Monday, September 12, 2011

Dehumanization 101



“Don’t eat anything with a face!”

That’s a slogan meant to encourage all of us to adopt a vegetarian lifestyle.  It does so by “humanizing” food.  The idea is that if our food takes on human characteristics, we lose our desire to eat it, much less kill it.

This type of appeal is emotional, and comes at us from different directions.  We see it in the politics of capital punishment.  Those against capital punishment humanize the individuals who are facing this legal sanction.  The opposing side dehumanizes them.

Dehumanization is usually a precursor to violence. Yesterday’s commemoration of the events of September 11, 2001 reminds us that people can be motivated to turn airliners into killing machines.  Once a political adversary no longer perceives us as human, the moral issues associated with killing evaporate.

Luckily, dehumanization on a grand scale doesn’t happen often.  When it surfaced in Germany in the latter part of the 1930s, it was devastating.  But, thankfully, that couldn’t happen in the 21st century, could it?

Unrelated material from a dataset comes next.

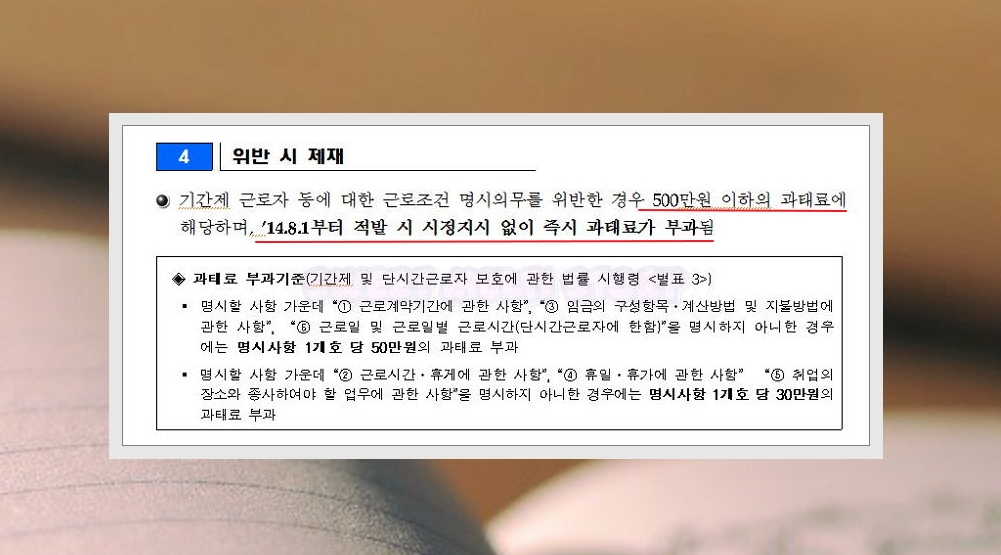 1. 기본적으로 정규직은 물론이고, 기간제 직원 등에 대하여 근로계약서를 작성하지 않은 경우에는 500만원 이하의 벌금이 발생해요. 2014년 8월 1일 이전에는 계약서 미작성이 적발이 되었을 때 시정지시를 받는 경우도 있었지만, 이제는 즉시 과태료가 부과가 돼요. 서류에 빠진 항목에 따라 벌금이 달라지기도 하는데요. 자세히 알려드릴게요.

Perhaps we should note the dehumanization that is alive in our anti-Republican culture.  Here, dehumanization is used as a tool of political power.  Keith Olbermann characterizes Republicans as being ghouls and sub-human.  Maxine Waters believes Republicans should go straight to hell. Richard Trumka and James Hoffa want Republicans taken out.  Steve Cohen sees Republicans as worse than Nazis.

And now the dehumanization has become entertainment.  StarvingEyes Advergaming brings us “Tea Party Zombies Must Die.”  It features (You guessed it!) Sarah Palin and other Republicans as targets to be killed.

It is hard to imagine, but our culture now legitimizes the proxy-killing of Republicans as sport.

And this is ok, don’t you see, because Republicans are really just a bunch of Zombies.

UPDATE 9/14/2011:
Glenn Reynolds at Instapundit directs us to the Comments section of this post from The Hill.  In America our culture makes it comfortable for us to publicly declare, "The only good Republican is a dead one."

UPDATE 9/16/2011:
Molly Ball at Politico has an article on recent attention directed toward Sarah Palin. A soon-to-be-released book by Joe McGinniss delivers a variation on the dehumanization theme. Mr. McGinniss advances the notion that a Republican leader who exhibits human traits is "scandalous" and therefore must be banished from the public square.

The extent to which our culture legitimizes Mr. McGinniss's narrative and promotes his double standard makes this story worth watching.